256 – Leading as Ambassadors

The ambassador walks everywhere in friendship. At times, he will face the wrath of a mob wishing to insight the fury of his home country. He has no power to defend himself, only the security of his embassy. His powerlessness is his strength because it allows him to walk through doors without posing a threat.

The ambassador listens and explains. He is everyone’s friend, to help connect one official to the official he answers to. He doesn’t agree with everyone, but he wants everyone’s voice to be heard by interested ears.

The ambassador must sometimes lay down the law and make known the way of the world. He doesn’t come to the rescue of every citizen abroad and he may need to lay down the law with his own people abroad.

The ambassador has unusual powers within which he must operate efficiently. If he can influence another nation to move toward peace, he must. He must conscientiously as compellingly articulate the goals and prerogatives of his own people while accurately conveying the prerogatives of other people to his own. Through diplomacy, the ambassador is in a great position to make a difference for better or worse, affecting the lives of millions.

The ambassador is a guest and must continue to act as a guest with gratitude and provide hospitality toward other guests he may receive. His efforts are not mere nonsense. His mission to communicate is like a bridge standing by to usher vital substance.

The ambassador doesn’t have the power to make one, single decision. He carries clout along with many powerful ears in his pocket. This he must use to advance the good cause. Diplomacy itself is not his power, it is his boundary. The ambassador’s power is reason and understanding, which he can only implement among the ears he already has.

Sometimes the ambassador is the only way to understand yourself in your own situation. Vibrancy and charm, wit and humility, hardihood and tenderness—these make for a spicy ambassador who is sure to be remembered and loved. The ambassador is no stuffed suit. When you are a guest, know as much deep in your heart, taking forth the mission of relationships.

257 – Tables Before Enemies

God prepares our banquet tables right in front of our enemies. This isn’t a cute encouragement, it is a mode of operation. It is how God works.

God will supply your need. If you don’t irritate Him or jinx your own luck through immorality, He may even provide well beyond your need. At times, God will give you just enough to fill your mouth, not your stomach, all as a part of Him training your trust. But, God also likes to play dazzling games.

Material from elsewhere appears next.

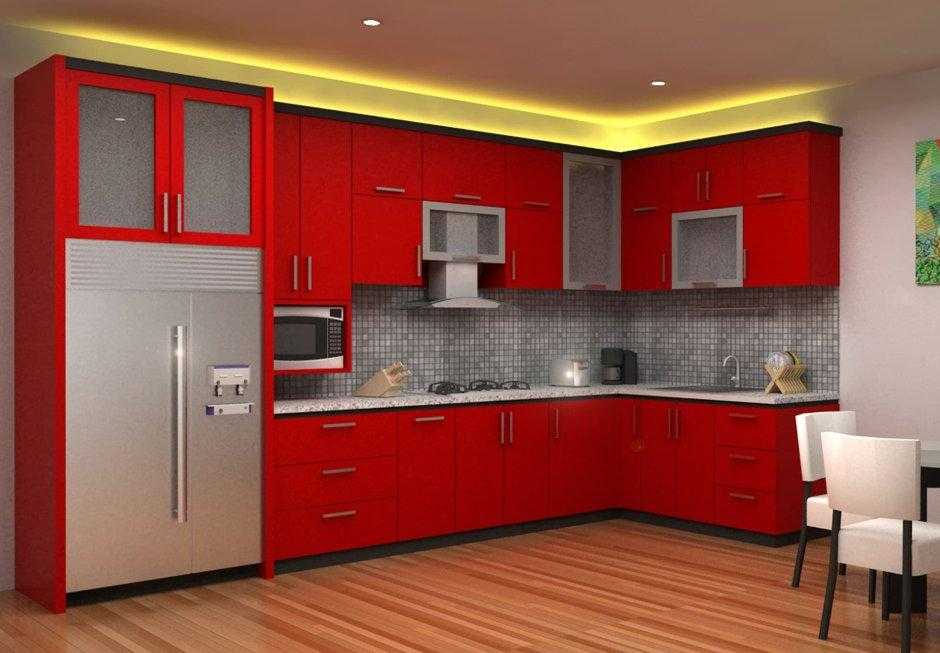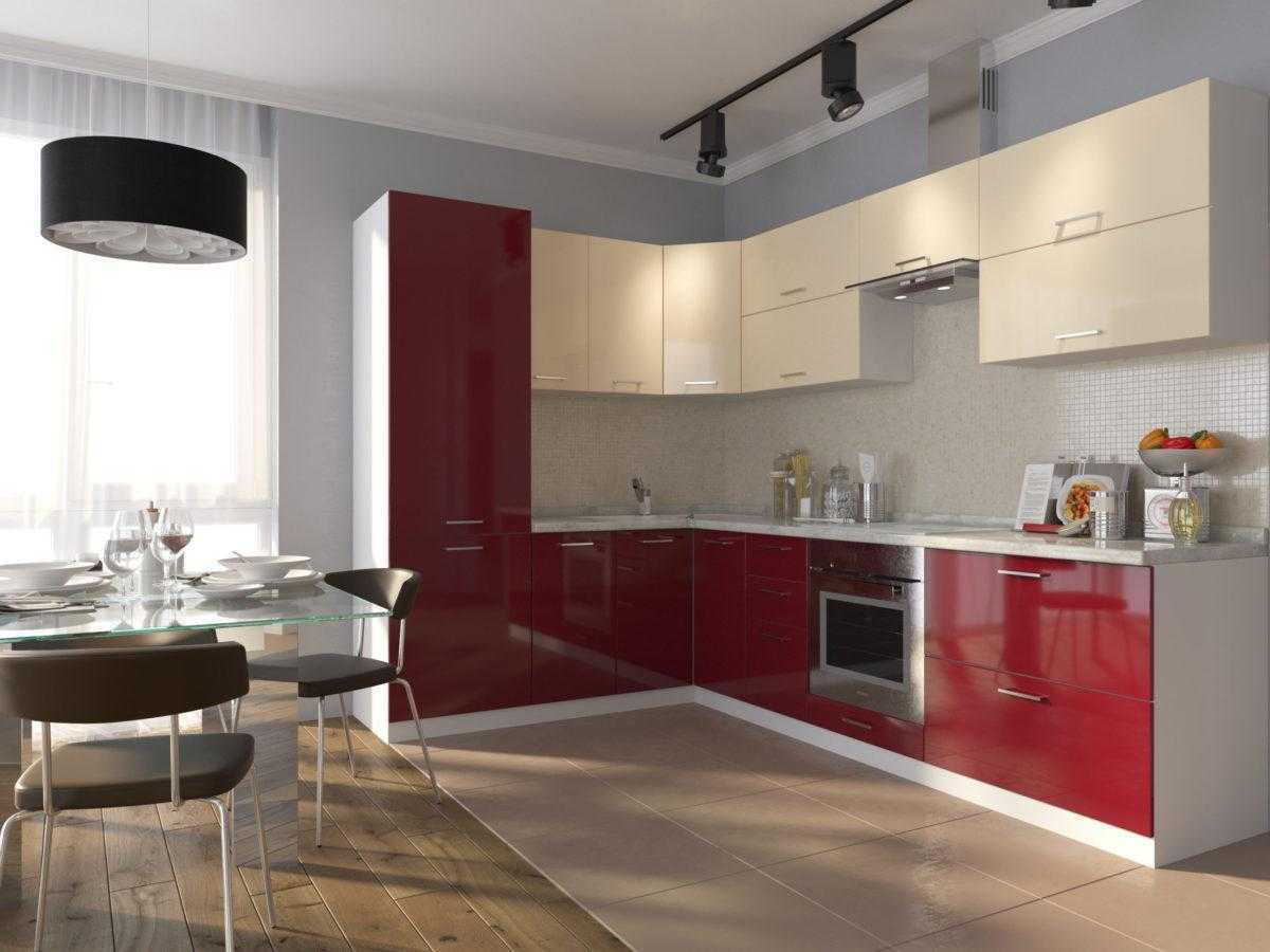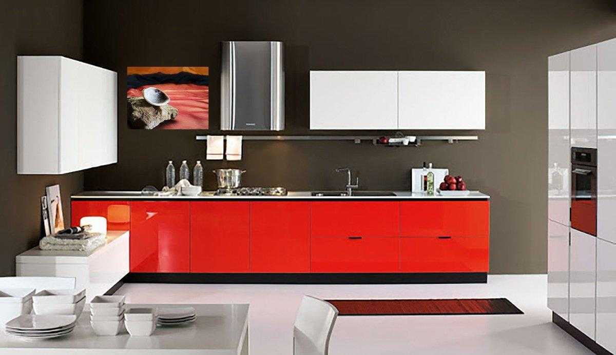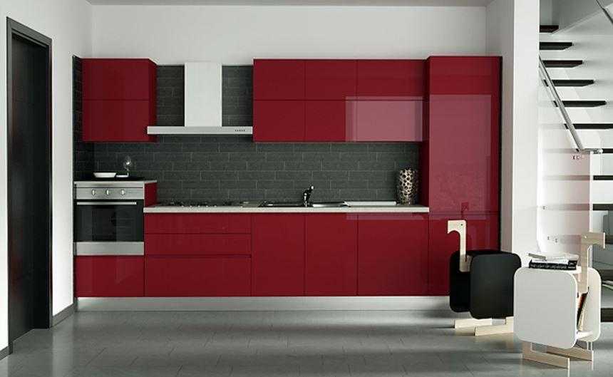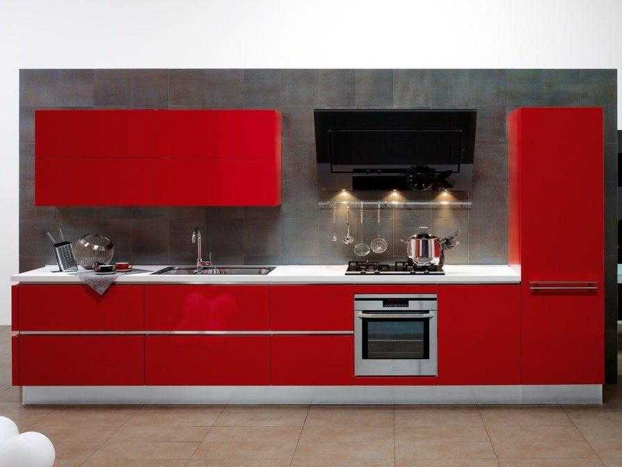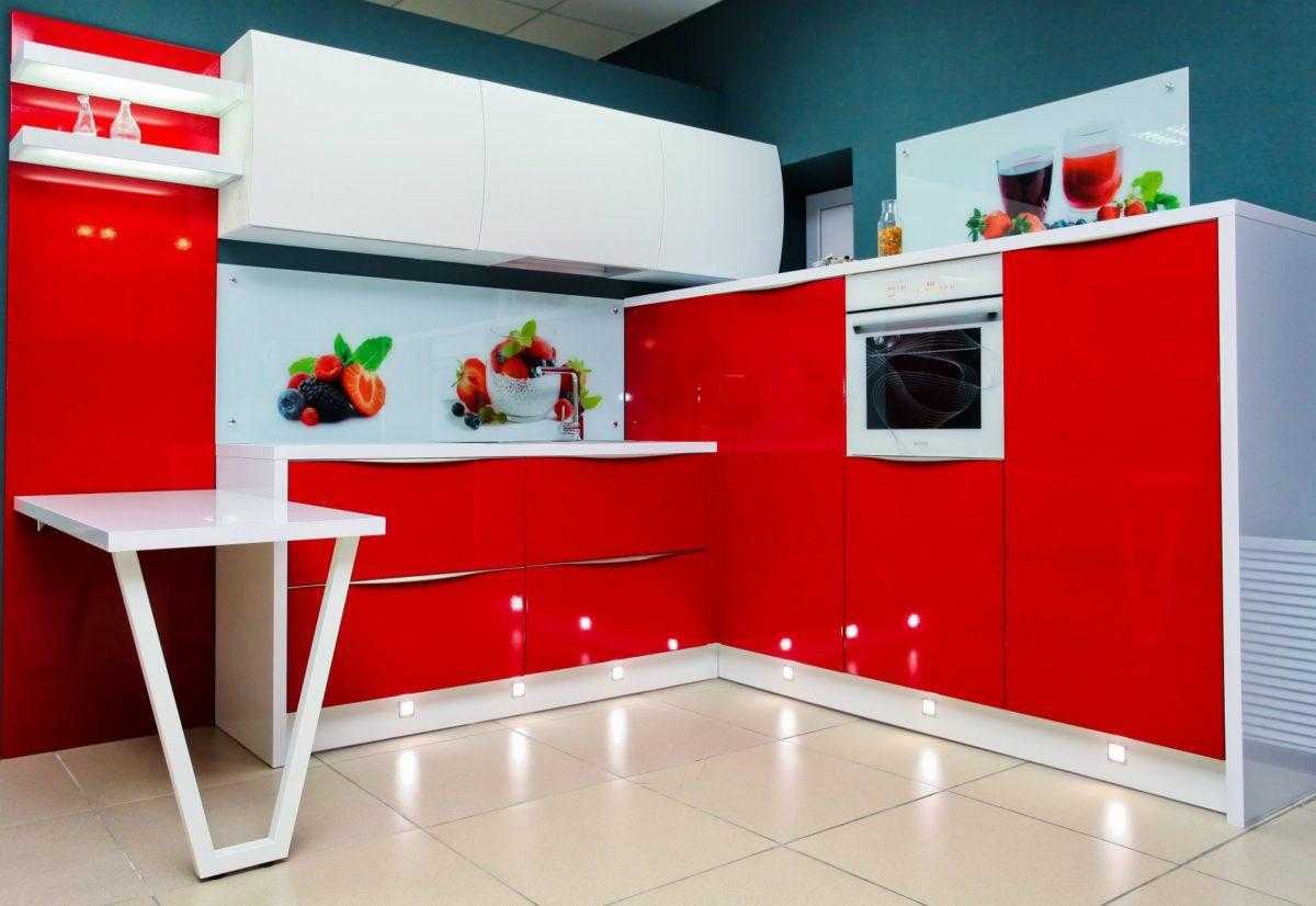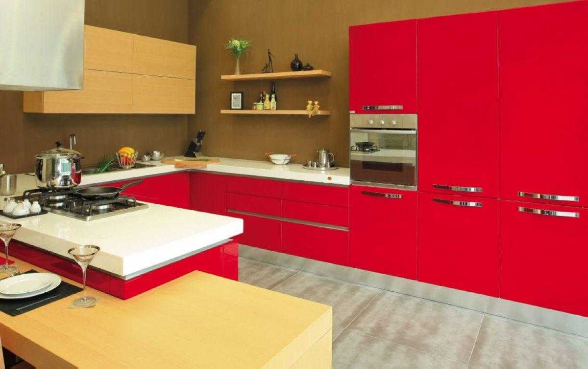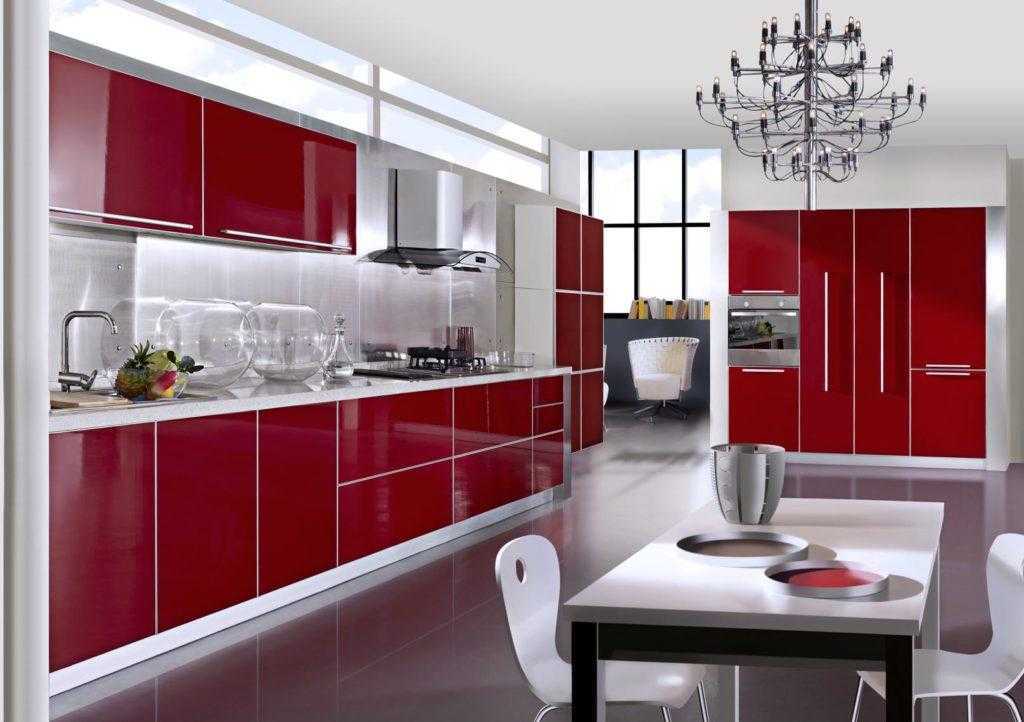 Наносится на МДФ или ДСП панель. Это долговечный гарнитур, который не потеряет форму и алый цвет. Красный фасад с алюминиевыми вставками и стеклом увеличивают срок эксплуатации гарнитура.

Say you owe money to one of your enemies; obey God’s moral code to treat your enemies well and strive to repay—not from any loyalty to the debtor, but from loyalty to the God Who Repays. As you seek to fulfill your obligations to your enemies, God may dry up your cash flow just long enough to make you late on a payment. You wouldn’t do this, God does this just to irritate your enemies, then, later, He gives you a cash surplus to pay extra—making your enemies hate you even more, but still unwilling to harm you since they make money off of you. All the while, God may send you a fine banquet, literally, complete with wine, delicacy, and dessert. Because He is the God Who Repays, God repaid you for your trouble and repaid your enemy with trouble for troubling you.

Banquets in the midst of antagonism are God’s mode of operation. He will even convince your enemy pay for your banquet—willingly.

Take a moment to consider God as the Great God of Great Banquets. For a thousand years, Jesus will reign on Earth while the devil rots in prison. That time is referred to as the “marriage supper of the Lamb”. Once the Antichrist is defeated, birds will eat his dead army; this is called the “great supper of the Lord”. Even the world government Jesus reigns over will have roads and infrastructure built by the Antichrist. This is all because God prepares banquets and makes the devil pay for them.

God’s “white tux” attitude toward your enemies can rub off on you. You might not fret so much if you meditate on banqueting.

Psalm 23, Revelation 19:9, 17

260 – Leading as Aunts & Uncles

Aunts and Uncles are often halfway between a parent and a grand parent. In some ways, they are less of both, in some ways they are more.

A grandparent can tell the parents how to parent because the parents are the grandparent’s children; and aunt or uncle cannot because that would likely start a fight between adult siblings.

The whole family shares the obligation to provide leadership for the young. When adult siblings disagree about household affairs—likely dating back to debated ideals from childhood—the best leadership is by example. Parents lead in their own way and welcome the cousins, celebrating and learning from differences.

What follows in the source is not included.